Entrevista com Antônio Silva Lima Neto*

*Doutor em saúde coletiva e professor de Medicina da Unifor

Image-0-Artigo-2411251-1'
As  organizações criminosas  querem  controlar  territórios'

Por que a violência é questão de saúde e como prevenir?

Quando analisamos o perfil de mortalidade das grandes metrópoles, a principal causa de morte são os homicídios. É o principal problema de saúde pública. Por isso a necessidade de espacializar, conhecer as regiões onde existe o maior risco de assassinatos, sobretudo onde as vítimas moram - do contrário, você trata Fortaleza como se fosse uma só, e existem múltiplas cidades dentro dela. Isso se faz importante porque, dessa forma, é possível planejar políticas públicas direcionadas para as áreas que de fato necessitam delas.

Como a territorialidade imposta pelas facções afeta o acesso a serviços de saúde?

Nós temos relatos de que as pessoas não conseguem cruzar determinados espaços para acessar o sistema de saúde, sejam postos, sejam UPAs. Uma das grandes necessidades das organizações criminosas é controlar espaços e territórios. À medida em que controlam, passam a não permitir que as pessoas trafeguem.

As áreas de maior incidência de sífilis e tuberculose em Fortaleza, por exemplo, são aquelas com mais homicídios. Qual a relação?
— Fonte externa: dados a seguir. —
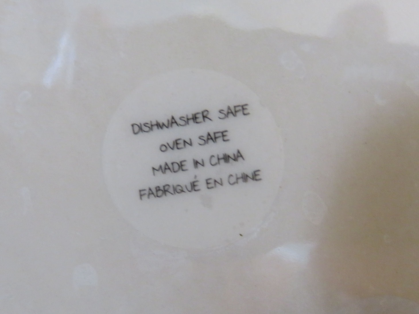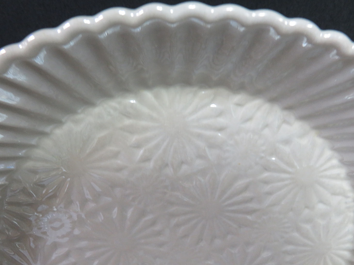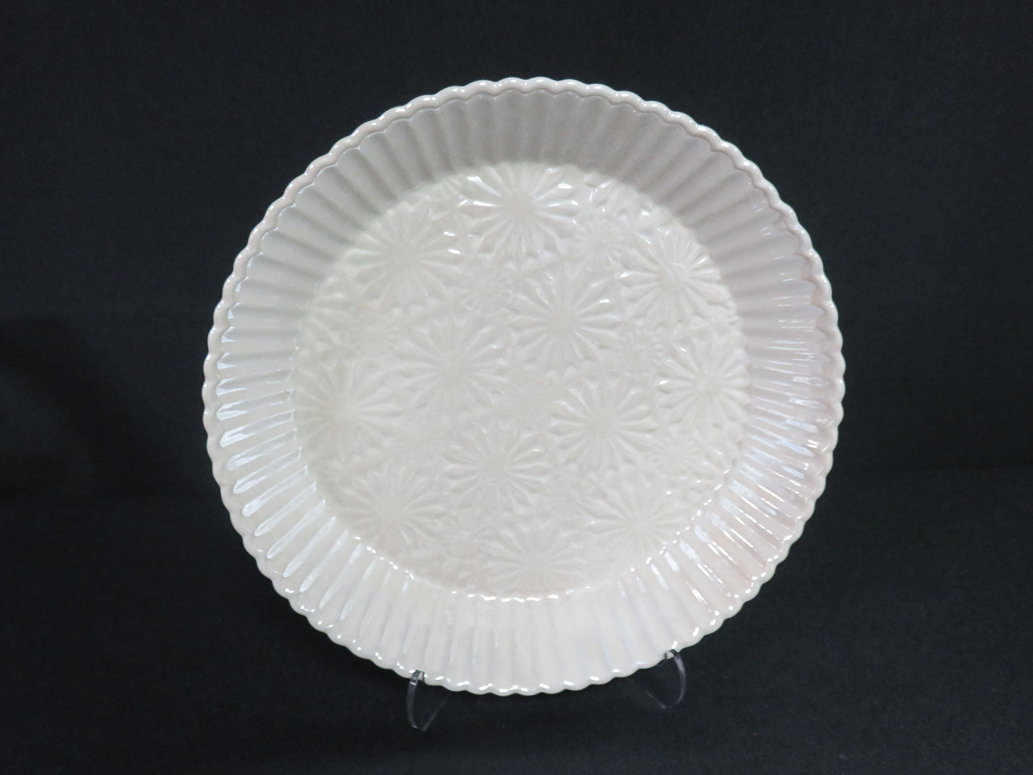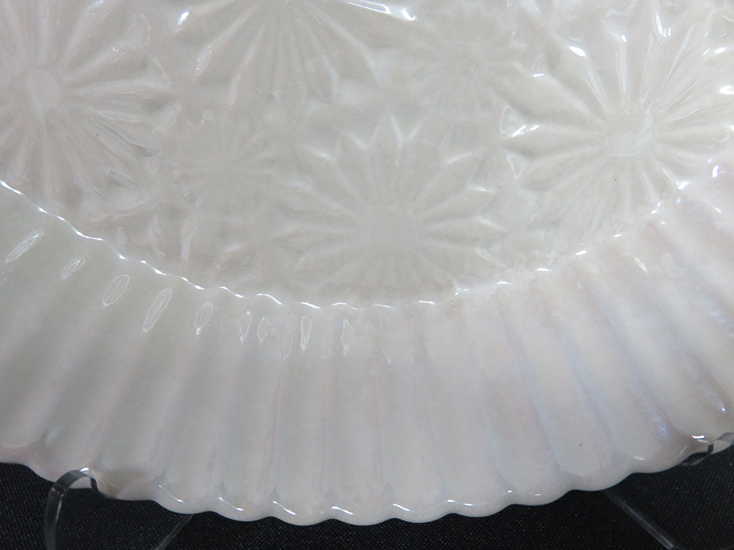 Item Number: 29147-35 Anthropology iridescent dish with ribbed and scalloped edge and daisy design in center 10" x 1.25"

É a relação de pobreza. Esses agravos são os ditos 'de determinação social', acometem pessoas com baixo acesso a pré-natal, que vivem em situação de rua ou em algum nível de marginalidade. As mesmas populações que têm vulnerabilidade a essas doenças, sofrem com maior ocorrência de homicídios. Por isso as intervenções urbanas, de segurança e saúde são tão importantes, porque não se refletem só sobre os homicídios, mas sobre todo um conjunto de atributos para qualidade de vida.